The Gerogerigegege - 直美のオナニーと若草寮案内

The Gerogerigegegeの作品に対するリスナーはただそれを押し頂くしかない。それはリスナーが「聴いてるだけの能無し野郎」だったかなんだかなのであるから仕方がない。ノイズだと思っていたらインドの音楽が入っていた(カンボジアの音楽とある場所で書かれていたがどうでも良い)、カセットだと思ったらずたずたにされたレコードが入っていた、レコードから落語が流れてきたなどなどは全て私が能無しであるが故の劫罰のようなものなのだ。
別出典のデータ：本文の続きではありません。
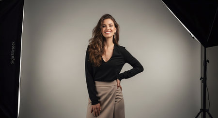 Beautiful young woman posing in studio, looking at camera and smiling
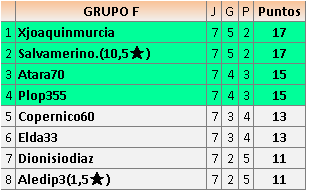 Deja un comentarioEn está página se irán publicando los resultados de las diferentes partidas, siendo ambos jugadores responsables de subirlos o de comprobar que ya hayan sido publicados insertando un COMENTARIO en la parte inferior de la pantalla (opción “Deja tu comentario”), indicando el nombre de los dos jugadores y los puntos obtenidos en la partida.
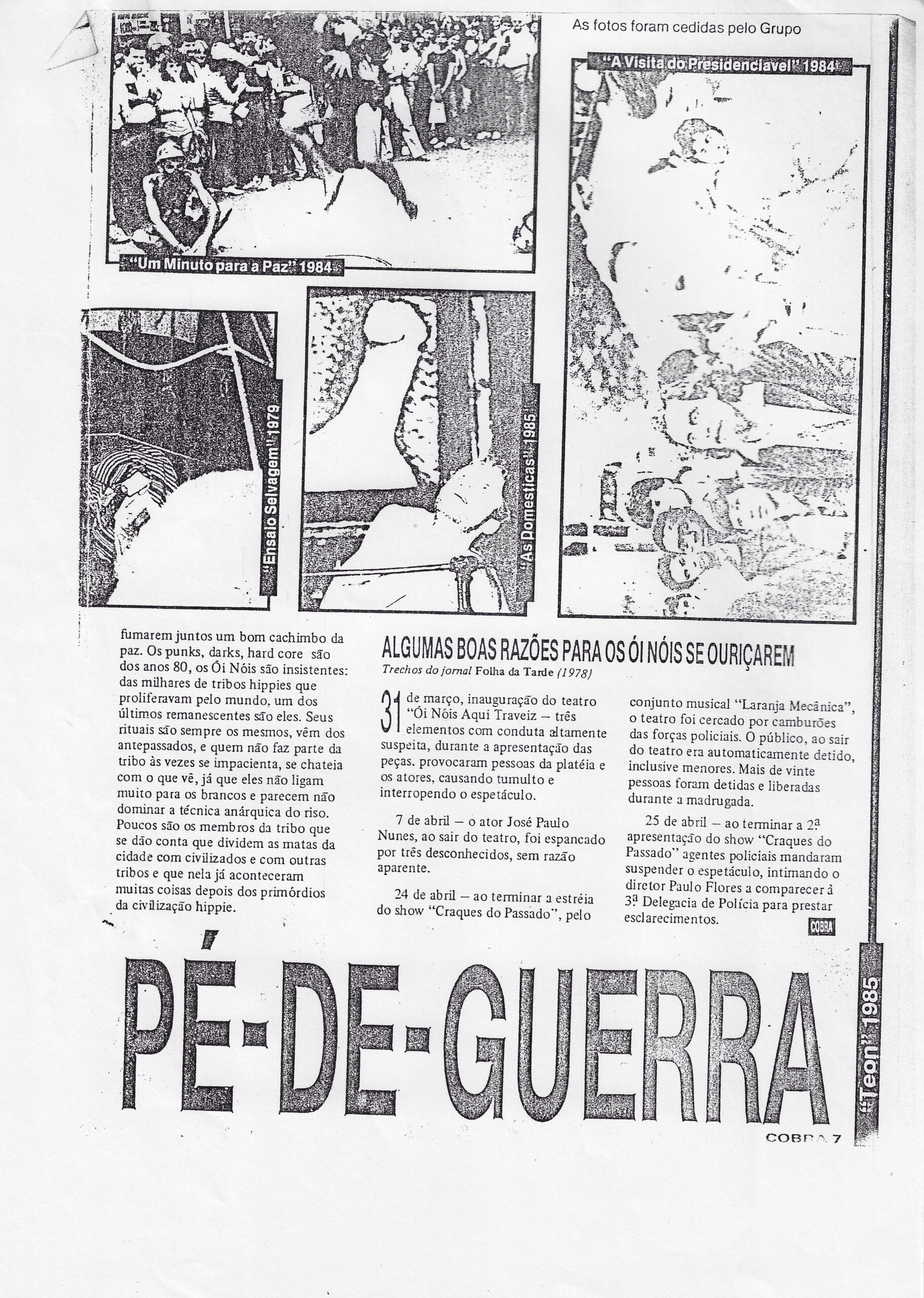 fumarem juntos um bom cachimbo da paz. Os punks, darks, hard core são dos anos 80, os Ói Nóis são insistentes: das milhares de tribos hippies que proliferaram pelo mundo, um dos últimos remanescentes são eles. Seus rituais são sempre os mesmos, vêm dos antepassados, e quem não faz parte da tribo às vezes se impacienta, se chateia com o que vê, já que eles não ligam muito para os brancos e parecem não dominar a técnica anárquica do riso. Poucos são os membros da tribo que se dão conta que dividem as matas da cidade com civilizados e com outras tribos e que nela já aconteceram muitas coisas depois dos primórdios da civilização hippie. ALGUMAS BOAS RAZÕES PARA OS ÓI NÓIS SE OURIÇAREM - Trechos do jornal Folha da Tarde (1978). 31 de março, inauguração do teatro "Ói Nóis Aqui Traveiz" - três elementos com conduta altamente suspeita, durante a apresentação das peças, provocaram pessoas da platéia e os atores, causando tumulto e interrompendo o espetáculo. 7 de abril — o ator José Paulo Nunes, ao sair do teatro, foi espancado por três desconhecidos, sem razão aparente. 24 de abril — ao terminar a estréia do show "Craques do Passado", pelo conjunto musical "Laranja Mecânica", o teatro foi cercado por camburões das forças policiais. O público, ao sair do teatro era automaticamente detido, inclusive menores. Mais de vinte pessoas foram detidas e liberadas durante a madrugada. 25 de abril — ao terminar a 2ª apresentação do show "Craques do Passado" agentes policiais mandaram suspender o espetáculo, intimidando o diretor Paulo Flores a comparecer á 3ª Delegacia de Polícia para prestar esclarecimentos.

「いつまでも残っているのを見るのが嫌だ。最後の一個だし、安くするから買ってくれ」とジャケに相応しい昭和的な一人泣売というか押し売りというかの後に購入したブツ。「木箱入りとはいえカセット一本。なんでこんなに高いんだ」と思ったがレーベルもそこを読んだのか「イタリア製」で一つ一つ彫ってますみたいなアピールをしてくるのがまた胡散臭いのだがまあ直美ちゃんは可愛いし良くできてる。令和の時代では聞くことの出来ないしゃべり方は箱入り娘ならではなのか、「おまめちゃん」って言葉はディープコリアで書かれた以来だな、この粘つくようなあえぎ声はなんなんだろう、そもそもこいつ何歳だ?、「オナニーカセットテープ」などの発語の仕方が車内販売のそれに似ているな、この心のこもってない「アソコが熱い」は録り直した方が良いのではないか、そもそもこんな陰気なものでヌける奴はいるのか?????

上記全てをひっくるめてもこれは名盤なのだ。ノスタルジーのせいか、ニヒルに惹かれる性向に訴える何かがあるのか。兎に角、作品全体に何とも言えぬ雰囲気が立ち込めている。それはライナーにあるような鄙びた書店の片隅から漂いくる妖気や中古DVD店に漂うある種の諦念に似たものかも知れぬ。

 

セックスをする甲斐性もない野郎から搾取するアンダーグラウンドポルノ業界のバッタもんを買うよりははるかに報われる一本。